[EXERCISE DESCRIPTION]
In the records below, the relevant part opens with the line containing "As we walked" and closes with the line containing "A helyszínen a"; print that part exactly and only, without its pictures.

[RECORDED INFORMATION]

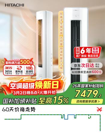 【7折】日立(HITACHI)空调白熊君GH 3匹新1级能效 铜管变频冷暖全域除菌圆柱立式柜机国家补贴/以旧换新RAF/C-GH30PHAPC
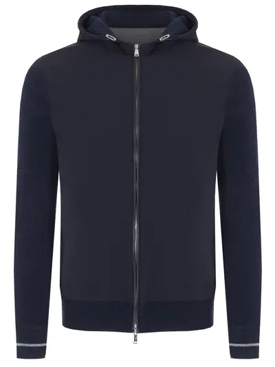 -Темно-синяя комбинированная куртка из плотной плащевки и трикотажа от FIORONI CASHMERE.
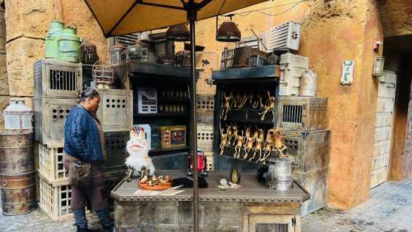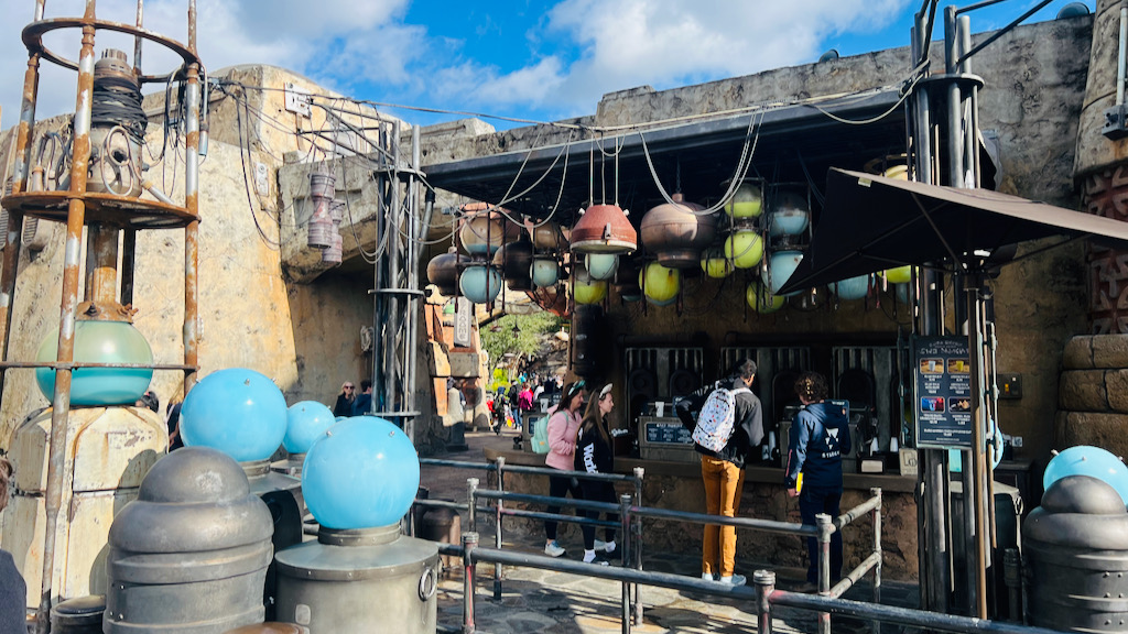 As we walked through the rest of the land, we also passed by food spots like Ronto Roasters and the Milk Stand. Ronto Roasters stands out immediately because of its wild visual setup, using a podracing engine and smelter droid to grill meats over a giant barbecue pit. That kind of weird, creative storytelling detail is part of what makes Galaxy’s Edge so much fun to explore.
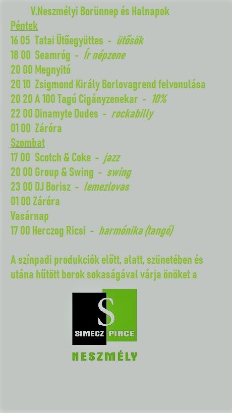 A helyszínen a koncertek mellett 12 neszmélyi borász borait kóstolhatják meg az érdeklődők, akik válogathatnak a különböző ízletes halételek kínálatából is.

* * *

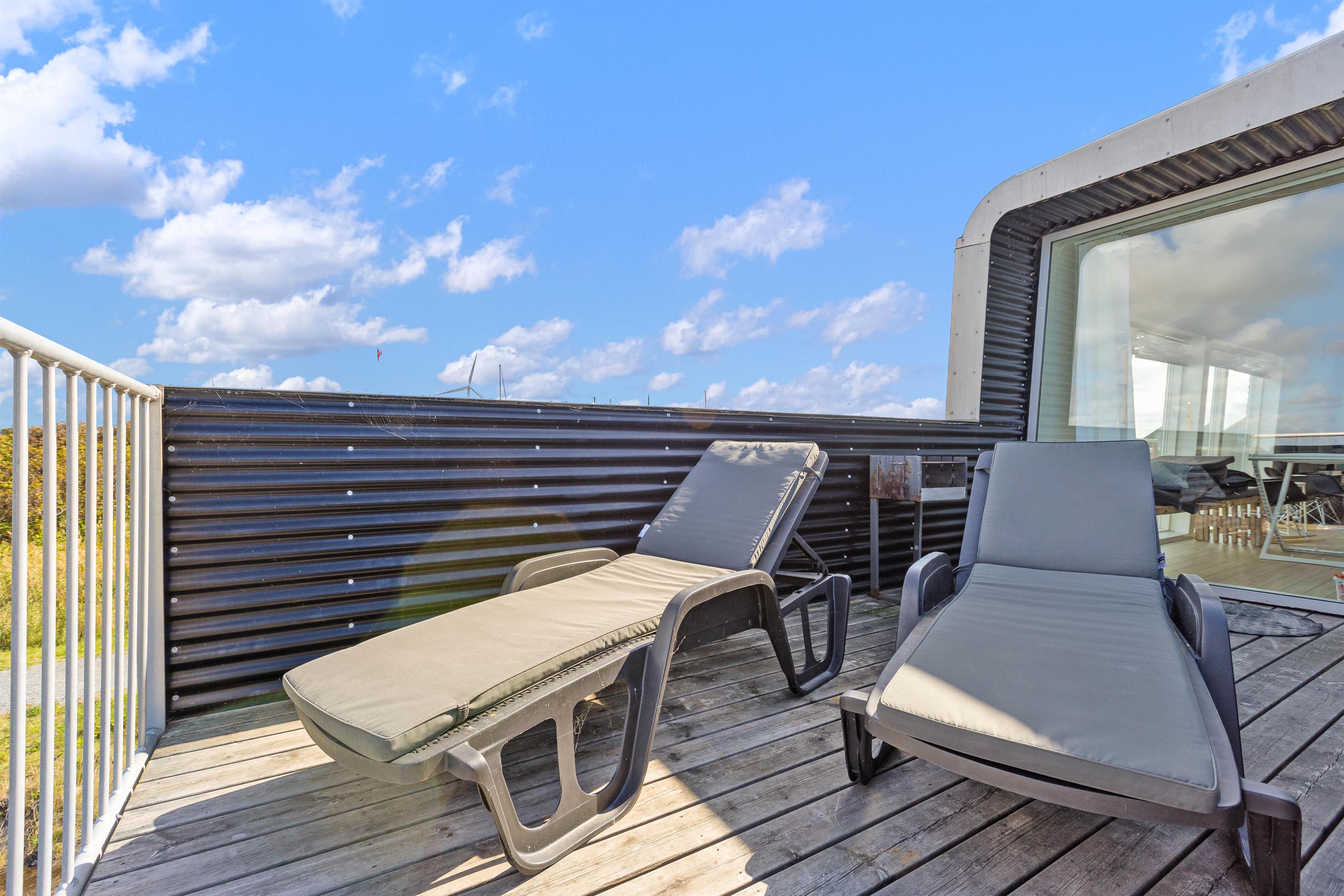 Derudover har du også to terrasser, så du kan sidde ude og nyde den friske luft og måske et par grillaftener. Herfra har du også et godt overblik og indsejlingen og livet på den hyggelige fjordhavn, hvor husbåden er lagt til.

[TASK RESPONSE]
 As we walked through the rest of the land, we also passed by food spots like Ronto Roasters and the Milk Stand. Ronto Roasters stands out immediately because of its wild visual setup, using a podracing engine and smelter droid to grill meats over a giant barbecue pit. That kind of weird, creative storytelling detail is part of what makes Galaxy’s Edge so much fun to explore.
 A helyszínen a koncertek mellett 12 neszmélyi borász borait kóstolhatják meg az érdeklődők, akik válogathatnak a különböző ízletes halételek kínálatából is.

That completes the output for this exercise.